However, this concept hides a rather complicated set of mutually related factors which, just like separate bricks, form a theoretical “wall” which may be called political security – corruption, participation of residents in elections, government stability, its decisions and human rights, trust in public administration, relationships between the residents, local governments and the central power, etc.

The aforementioned matters have been subject to a lot of researches both in Latvia and elsewhere, and the scene in Latvia is not exciting. The matter of corruption has been reviewed in the section dedicated to the theme. The survey concerning the will of the society of Latvia to defend its country, conducted by the Centre for Security and Strategic Research at the National Defence Academy,[25] has led to the conclusion that 50% of the respondents trust in their local government, while 30% trust in the central government. The research reveals that trust in the local governments is higher than that in the central government, since the leaders of the local governments are closer to the residents, they are easier to reach, and the local achievements are obvious in terms of territorial development.

At the same time, the survey of the “Political Participation of Youth in Latvia: Characterisation of the Situation and Analysis of Participation Factors (Determinants)” [26] has led to a finding that young people’s interest in politics is explicitly low, their representation of politics is negative, furthermore, there is no opinion leader among young people, and a similar situation can be observed also in the survey regarding the participation of minorities in the democratic processes in Latvia – although the survey participants state that the interest of minorities to engage in the political processes is relatively high, at the same time, they have poor assurance that this would change the situation at the level of Saeima, government or local governments.[27]

A more comprehensive index titled “Political Participation of Youth in the EU”, although 10 years old, is available at https://www.tandfonline.com.[33] It shows that, in terms of the political participation of the youth, Latvia is the leader (83% of the youth engage in political activities), followed by Estonia (74%), Poland (72%) and Lithuania (67%), while no data related to such or similar survey about Moldova is available.
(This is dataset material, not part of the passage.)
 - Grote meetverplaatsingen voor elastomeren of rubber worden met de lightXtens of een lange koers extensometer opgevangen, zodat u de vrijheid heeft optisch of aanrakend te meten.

Within the context of low activity of the residents during the parliamentary elections (for example, in the 13th Saeima elections in Latvia – 54.46%, of the residents voted, and in the 14th Saeima elections – 59.41% of the residents voted), the aforementioned data primitively outlines potentially unwelcome trends – disbelief in being able to change something and a potential situation where the nationwide processes will be affected by a comparatively small percentage of electorate, who will possibly be attracted to the country by unwanted elements – not the friendliest ones for the state. In combination with activities taken by no less unfriendly countries to address just this part of the electorate, the possible result is not only political inconsistency of the political course and a slow-down of its economic development, but also an increased vulnerability within both the political and military security spheres.

Low election activity is also faced in Lithuania – in the first round of the parliamentary elections in 2020 only 47% of the voters participated; in the second round – 39% of eligible voters participated, thus even lagging behind Moldova, where 47.51% of eligible voters participated in the parliamentary elections in 2021.[35], [36] During the recent parliamentary elections in Estonia, the participation rate was just 63.53% (a decrease of 0.14 percentage points compared to the previous elections)[37], while the participation rate in the parliamentary elections in 2019 in Poland was 61.74%.[38].
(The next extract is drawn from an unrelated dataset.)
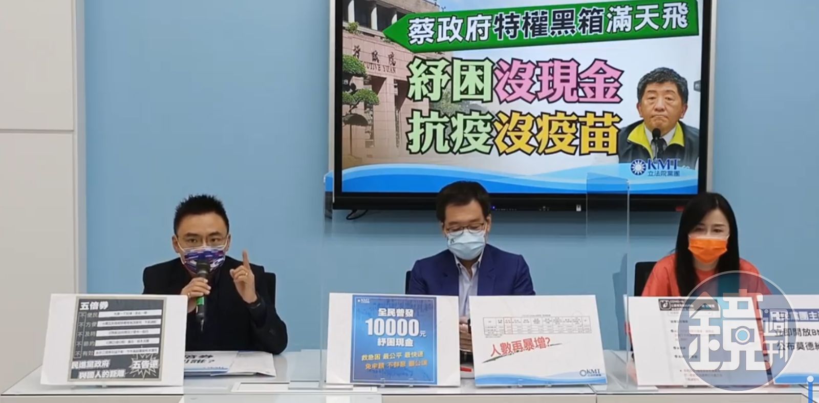 行政院預計最快9月推出振興五倍券,主張普發現金的國民黨對此大表不滿,藍營立院黨團今(6日)召開記者會,藍委萬美玲指出,她從各大民調來看,至少96%的民眾都希望發現金,但蔡政府堅持發五倍券,背離民意,質疑難道是為了內閣改組製造理由;她也痛批,去年發三倍券花了512.6億,蘇貞昌院長說帶來1,000億經濟效益,「若真能帶來近2倍的經濟效益,今年花1,100億發五倍券,就可帶來2,000億效益,若真這麼神,未來每年發券就好」。

One has to admit that Poland has taken measures aimed to increase the election activity by passing a law shortly before this year’s elections providing for the arrangement of polling stations also in villages with 200 residents and stipulating that the residents older than 60 years and those with disabilities must be provided with transport to the polling stations if public transport is not available.[34]

Although surveys related to political security are not conducted too often – according to the data available on the Global Web, the latest considerable activities in this area accompanied by public description were conducted more than 15 years ago – TheGlobalEconomy.com compiles the political stability index (inseparably related to political security) assessing the political stability of all the global countries on a scale between minus 2.5 and up to 2.5.[28]
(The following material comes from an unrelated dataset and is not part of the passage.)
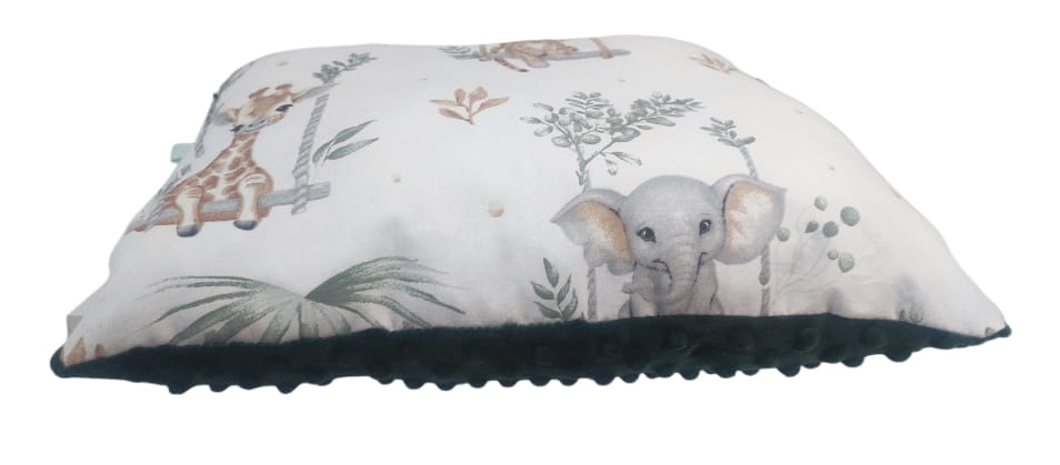Poduszka Minky Bawełna 30x40 / 40x40 / 50x60 –Zwierzęta na huśtawce z butelkowym zielonym Minky Miękka, Ozdobna, do Spania, dla Dzieci

Of the five countries in question, the higher positions in this list are taken by the Baltic States: Lithuania takes the 19th place in Europe (globally – 48), Estonia – 20th (51), slightly passing Latvia which takes the 24th position (57), whereas Poland is in the 31st place (71), but Moldova – in the 40th place (109).

Being aware of the geopolitical context, the activities of special services of certain aggressor countries, as well as the previous passivity of voters leading to election activity below the mark of two thirds, there is a reason to assume that significant changes in the next index are very possible.

[24] https://www.apgads.lu.lv/en/izdevumi/brivpieejas-izdevumi/rakstu-krajumi/latvijas-iedzivotaju-subjektiva-drosibas-uztvere/politiska-drosiba/

[25] Bērziņa, I., Zupa, U. (2020). The Willingness of Latvian Society to Defend Their Country: Stimulating and Impeding Factors. Riga: The Centre for Security and Strategic Research at the National Defence Academy, p. 14.

[26] Exocol Latvia (2015). The Political Participation of the Youth in Latvia: the Characterisation of the Situation and Analysis of the Participation Factors (Determinants). Riga: The National Youth Council of Latvia

[27] Study The “Participation of Minorities in the Democratic Processes in Latvia” (2015). Riga: The Baltic Institute of Social Science, p. 51.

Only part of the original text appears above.